I've looked into this. I'll give an example of what keyword variants
there are for Greek, and then discuss what I think each is. These
keyword variant locations on my machine with master + ICU support (ICU
55):
postgres=# \dOS+ el-*
List of collations
Schema │ Name │ Collate │ Ctype
│ Provider │ Description
────────────┼────────────────────────┼──────────────────┼──────────────────┼──────────┼─────────────
pg_catalog │ el-u-co-emoji-x-icu │ el-u-co-emoji │
el-u-co-emoji │ icu │ Greek
pg_catalog │ el-u-co-eor-x-icu │ el-u-co-eor │ el-u-co-eor
│ icu │ Greek
pg_catalog │ el-u-co-search-x-icu │ el-u-co-search │
el-u-co-search │ icu │ Greek
pg_catalog │ el-u-co-standard-x-icu │ el-u-co-standard │
el-u-co-standard │ icu │ Greek
pg_catalog │ el-x-icu │ el │ el
│ icu │ Greek
(5 rows)
Greek has only one region, standard Greek. A few other
language-regions have variations like multiple regions (e.g. Austrian
German), or a phonebook variant, which you don't see here. Almost all
have -emoji, -search, and -standard, which you do see here.

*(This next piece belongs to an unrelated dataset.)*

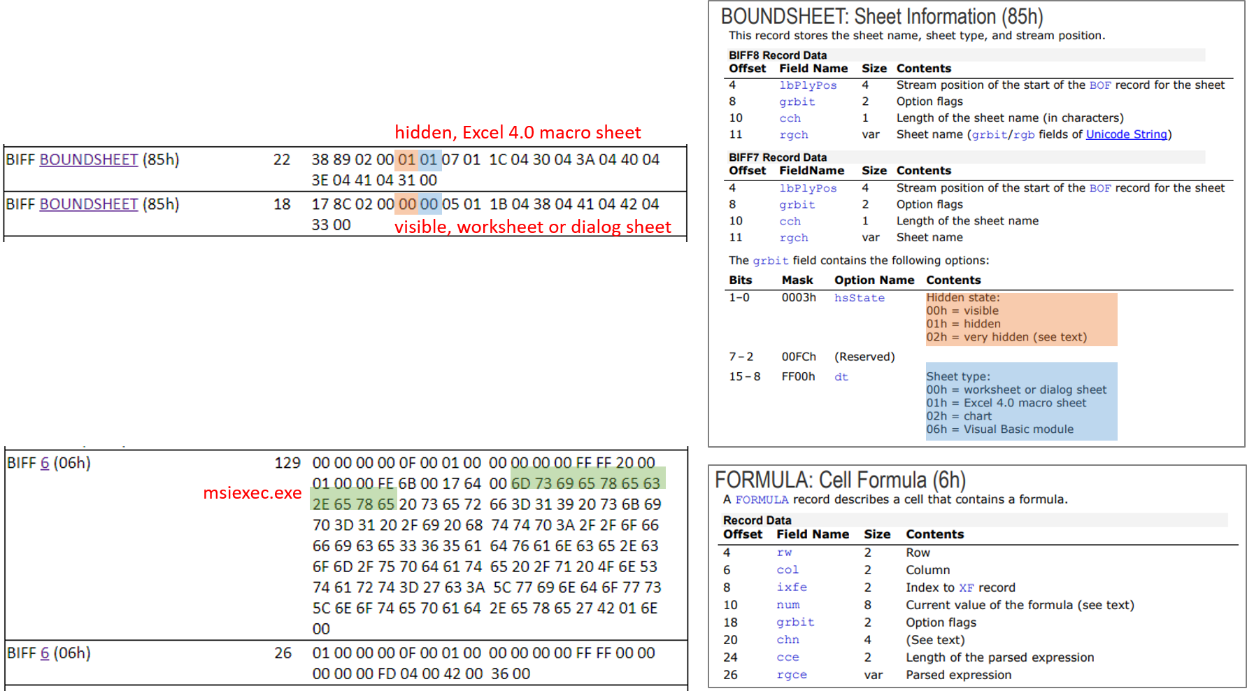 매크로 정보를 포함한 모든 Workbook 시트 데이터는 BIFF(Binary Interchange File Format) 포맷으로 저장된다. BiffView나 Oledump와 같은 툴을 이용하여 악성 엑셀 파일의 Workbook 스트림의 구조를 보면, 각 시트의 정보를 담고 있는 BOUNDSHEET(85h)는 총 2개가 있다. 이는 순서대로 Макрос와 Лист 시트 정보와 연결된다. 첫 번째 시트 Макрос의 BOUNDSHEET 정보는 길이 22로 되어있고, 4번과 5번 값이 각각 01h이다. 4번 값은 시트의 현재 상태로서 01h는 Hidden을 의미한다. 5번 값은 시트의 타입으로서 01h는 Excel 4.0 매크로 시트를 뜻한다. 반면 두 번째 시트 Лист는 Visible과 동시에 일반 워크시트 또는 다이얼로그 시트이다. 셀 수식에 입력된 데이터도 CELL FORUMULA(6h)에 저장된다. 이와 같이 엑셀 파일을 직접 실행하지 않아도 Workbook 시트 데이터를 파싱하여 의심스러운 시트의 존재 여부를 확인할 수 있다.

We pass "commonlyUsed = true" to ucol_getKeywordValuesForLocale()
within pg_import_system_collations(), and so it "will return only
commonly used values with the given locale in preferred order". But
should we go even further? If the charter of
pg_import_system_collations() is to import every possible valid
collation for pg_collation, then it's already failing at that by
limiting itself to "common variants". I agree with the decision to do
that, though, and I think we probably need to go a bit further.
Possible issues with current ICU pg_collation entries after initdb:
* I don't think we should have user-visible "search" collations at all.
Apparently "search" collations are useful because "primary- and
secondary-level distinctions for searching may not be the same as
those for sorting; in ICU, many languages provide a special "search"
collator with the appropriate level settings for search" [1]http://userguide.icu-project.org/collation/icu-string-search-service. I don't
think that we should expose "search" keyword variants at all, because
clearly they're an implementation detail that Postgres may one day
have special knowledge of [2]http://www.unicode.org/reports/tr35/#UnicodeCollationIdentifier -- Peter Geoghegan, to correctly mix searching and sorting
semantics. For the time being, those should simply not be added within
pg_import_system_collations(). Someone could still create the entries
themselves, which seems harmless. Let's avoid establishing the
expectation that they'll be in pg_collation.
* Redundant ICU spellings for the same collation seem to appear.
I find it questionable that there is both a "el-x-icu" and a
"el-u-co-standard-x-icu". That looks like an artifact of how
pg_import_system_collations() was written, as opposed to a bonafide
behavioral difference. I cannot find an example of a
"$COUNTRY_CODE-x-icu" collation without a corresponding
"$COUNTRY_CODE-*-u-standard-x-icu" (The situation is similar for
regional variants, like Austrian German). What, if anything, is the
difference between each such pair of collations? Can we find a way to
provide only one canonical entry if those are simply different ICU
spellings?
* Many emoji variant collations.
I have to wonder if there is much value in creating so many
pg_collation entries that are mere variants to do pictographic emoji
sorting. Call me a killjoy, but I think that users that want that
behavior can create the collations themselves. We could still document
it. I wouldn't mind it if there wasn't so many emoji collations.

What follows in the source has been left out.